# [Required action]
Repeat nothing but the line that contains "42 - (252) حدّثنا" and the lines after it, through the end of the listing, exactly as they stand; omit pictures.

---------- Given information ----------

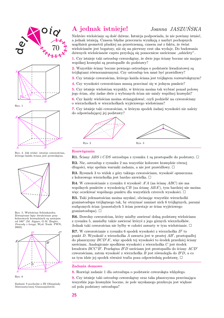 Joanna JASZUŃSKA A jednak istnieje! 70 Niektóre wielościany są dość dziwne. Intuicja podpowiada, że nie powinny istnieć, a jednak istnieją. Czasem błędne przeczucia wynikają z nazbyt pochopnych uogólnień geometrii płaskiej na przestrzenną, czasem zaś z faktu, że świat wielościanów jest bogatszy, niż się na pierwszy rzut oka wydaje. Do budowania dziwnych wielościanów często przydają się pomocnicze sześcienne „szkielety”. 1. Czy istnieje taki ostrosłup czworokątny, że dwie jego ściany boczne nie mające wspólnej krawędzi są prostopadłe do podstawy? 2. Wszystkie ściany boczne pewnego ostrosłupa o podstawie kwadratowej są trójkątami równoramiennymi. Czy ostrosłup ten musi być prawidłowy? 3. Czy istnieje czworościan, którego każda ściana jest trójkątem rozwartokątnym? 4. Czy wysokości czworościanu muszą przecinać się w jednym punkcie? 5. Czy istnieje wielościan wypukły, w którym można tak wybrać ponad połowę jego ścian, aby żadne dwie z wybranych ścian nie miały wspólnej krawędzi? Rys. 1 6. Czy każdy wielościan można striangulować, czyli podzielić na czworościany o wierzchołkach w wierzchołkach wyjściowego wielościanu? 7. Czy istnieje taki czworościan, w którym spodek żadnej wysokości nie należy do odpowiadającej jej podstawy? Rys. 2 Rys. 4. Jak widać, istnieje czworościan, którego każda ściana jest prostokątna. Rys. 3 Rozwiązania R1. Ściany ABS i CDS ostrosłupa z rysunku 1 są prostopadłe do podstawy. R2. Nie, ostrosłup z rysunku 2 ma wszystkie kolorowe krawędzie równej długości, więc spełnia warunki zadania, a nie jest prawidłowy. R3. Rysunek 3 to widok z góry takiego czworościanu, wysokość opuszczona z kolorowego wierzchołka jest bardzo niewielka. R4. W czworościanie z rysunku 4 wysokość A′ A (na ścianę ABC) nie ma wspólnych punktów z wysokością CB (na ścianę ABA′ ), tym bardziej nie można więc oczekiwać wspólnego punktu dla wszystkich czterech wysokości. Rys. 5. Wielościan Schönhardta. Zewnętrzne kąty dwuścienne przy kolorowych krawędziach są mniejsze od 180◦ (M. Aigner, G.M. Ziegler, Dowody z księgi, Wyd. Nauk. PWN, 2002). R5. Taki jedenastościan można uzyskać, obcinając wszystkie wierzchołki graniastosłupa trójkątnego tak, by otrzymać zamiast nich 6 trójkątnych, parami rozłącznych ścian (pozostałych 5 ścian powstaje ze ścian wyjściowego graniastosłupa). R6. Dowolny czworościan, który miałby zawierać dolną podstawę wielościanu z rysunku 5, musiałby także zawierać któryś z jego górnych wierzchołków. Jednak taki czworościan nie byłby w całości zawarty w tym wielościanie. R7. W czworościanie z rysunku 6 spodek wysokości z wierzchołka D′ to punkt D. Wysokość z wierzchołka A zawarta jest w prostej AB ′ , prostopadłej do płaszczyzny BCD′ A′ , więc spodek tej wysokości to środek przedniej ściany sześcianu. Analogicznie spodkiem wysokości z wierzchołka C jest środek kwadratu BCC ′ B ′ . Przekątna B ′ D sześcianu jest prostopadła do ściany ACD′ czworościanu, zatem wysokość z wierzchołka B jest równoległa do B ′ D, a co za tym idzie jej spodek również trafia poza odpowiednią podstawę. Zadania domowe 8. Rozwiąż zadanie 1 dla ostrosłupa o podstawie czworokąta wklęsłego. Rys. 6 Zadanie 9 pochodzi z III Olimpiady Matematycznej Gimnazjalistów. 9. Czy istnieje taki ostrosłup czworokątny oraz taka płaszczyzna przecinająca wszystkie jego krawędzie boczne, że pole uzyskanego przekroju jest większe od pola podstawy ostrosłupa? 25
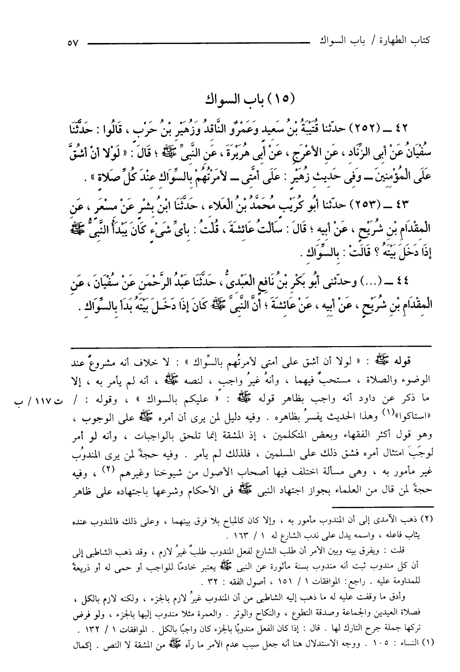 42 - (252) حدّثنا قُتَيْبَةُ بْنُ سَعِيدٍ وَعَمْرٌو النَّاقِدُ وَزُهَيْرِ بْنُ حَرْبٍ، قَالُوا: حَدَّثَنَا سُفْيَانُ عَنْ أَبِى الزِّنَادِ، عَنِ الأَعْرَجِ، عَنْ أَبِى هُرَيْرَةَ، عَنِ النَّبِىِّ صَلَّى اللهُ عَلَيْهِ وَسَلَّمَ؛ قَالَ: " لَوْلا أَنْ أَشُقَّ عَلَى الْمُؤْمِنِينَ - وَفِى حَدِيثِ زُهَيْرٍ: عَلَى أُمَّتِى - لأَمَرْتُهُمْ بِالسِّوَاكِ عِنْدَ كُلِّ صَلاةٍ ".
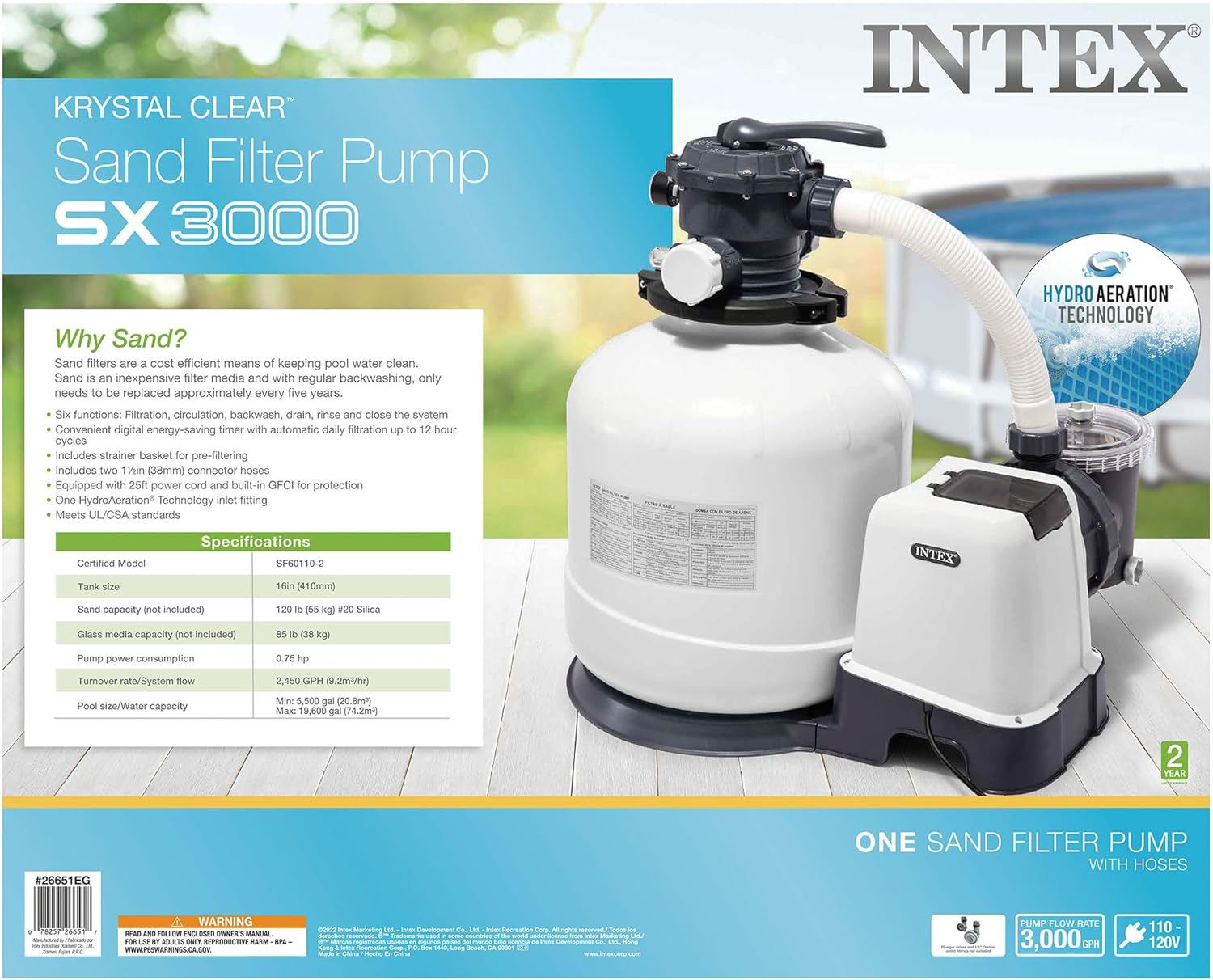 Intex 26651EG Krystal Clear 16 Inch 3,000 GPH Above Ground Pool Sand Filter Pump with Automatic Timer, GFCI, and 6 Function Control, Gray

----------

# [Written solution]
 42 - (252) حدّثنا قُتَيْبَةُ بْنُ سَعِيدٍ وَعَمْرٌو النَّاقِدُ وَزُهَيْرِ بْنُ حَرْبٍ، قَالُوا: حَدَّثَنَا سُفْيَانُ عَنْ أَبِى الزِّنَادِ، عَنِ الأَعْرَجِ، عَنْ أَبِى هُرَيْرَةَ، عَنِ النَّبِىِّ صَلَّى اللهُ عَلَيْهِ وَسَلَّمَ؛ قَالَ: " لَوْلا أَنْ أَشُقَّ عَلَى الْمُؤْمِنِينَ - وَفِى حَدِيثِ زُهَيْرٍ: عَلَى أُمَّتِى - لأَمَرْتُهُمْ بِالسِّوَاكِ عِنْدَ كُلِّ صَلاةٍ ".
 Intex 26651EG Krystal Clear 16 Inch 3,000 GPH Above Ground Pool Sand Filter Pump with Automatic Timer, GFCI, and 6 Function Control, Gray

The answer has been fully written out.